My question is: how do we compute $\omega_{(p,v)}(\dot{\gamma}(0),\dot{\sigma}(0))$ explicitly?
I consider an explicit example with given curves and charts. The general case follows from changing the notation.
Let $M=S^1$, $x^1$ the "projection left" of $S^1\cap\{u^1>0\}$ and $$ \gamma_0(t)=(\cos(at),\sin(at))\\ \sigma_0(t)=(\cos(bt),\sin(bt)) $$ for $a,b\in\mathbb{R}$. Then a possible curve in $T^*M$ is given by $$ \gamma(t) = (\gamma_0(t),f(\gamma_0(t))dx) \in \Gamma_{\gamma_0}(T^*M) $$ for some $f:M\to \mathbb{R}$ and we do similarly with $\sigma$ using a function $g:M\to\mathbb{R}$.

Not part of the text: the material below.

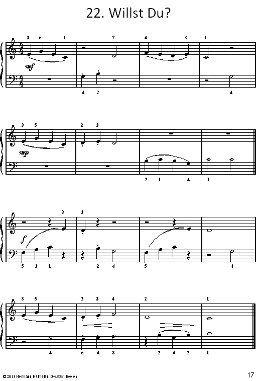 Die umfangreiche Sammlung ist nach steigendem Schwierigkeitsgrad aufgebaut, wobei die Noten für jede Hand zunächst einstimmig ausgelegt sind. Im weiteren Verlauf spielen linke und rechte Hand teilweise auch gleichzeitig.
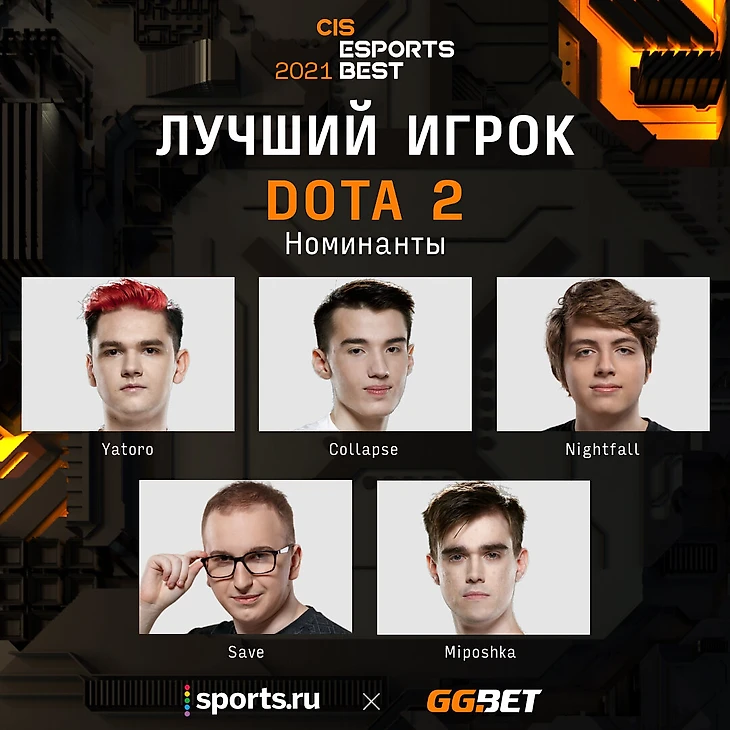 Шорт-лист номинации «Лучший игрок Dota 2» на CIS Esports Best. Здесь Nightfall, Save и три игрока Spirit

Let's now evaluate $\omega$. We first compute $$ dx^1\dot{\gamma}(0)= \frac{d}{dt}\vert_{t=0}x^1\gamma_0(t)=\frac{d}{dt}\vert_{t=0} \sin(at)=a $$ while $$ dy^1\dot{\gamma}(0)= \frac{d}{dt}\vert_{t=0}\gamma(t)\partial_{x^1}=\frac{d}{dt}\vert_{t=0} f\gamma_0(t)=(df) \dot{\gamma}_0(0). $$
So if for example $f:S^1\to \mathbb{R}$ sends $(u^1,u^2)\mapsto \alpha u^2$ and $g:S^1\to \mathbb{R}$ sends $(u^1,u^2)\mapsto \beta u^2$ we get $$ \omega(\dot{\gamma}(0),\dot{\sigma}(0)) = ab\beta-ba\alpha. $$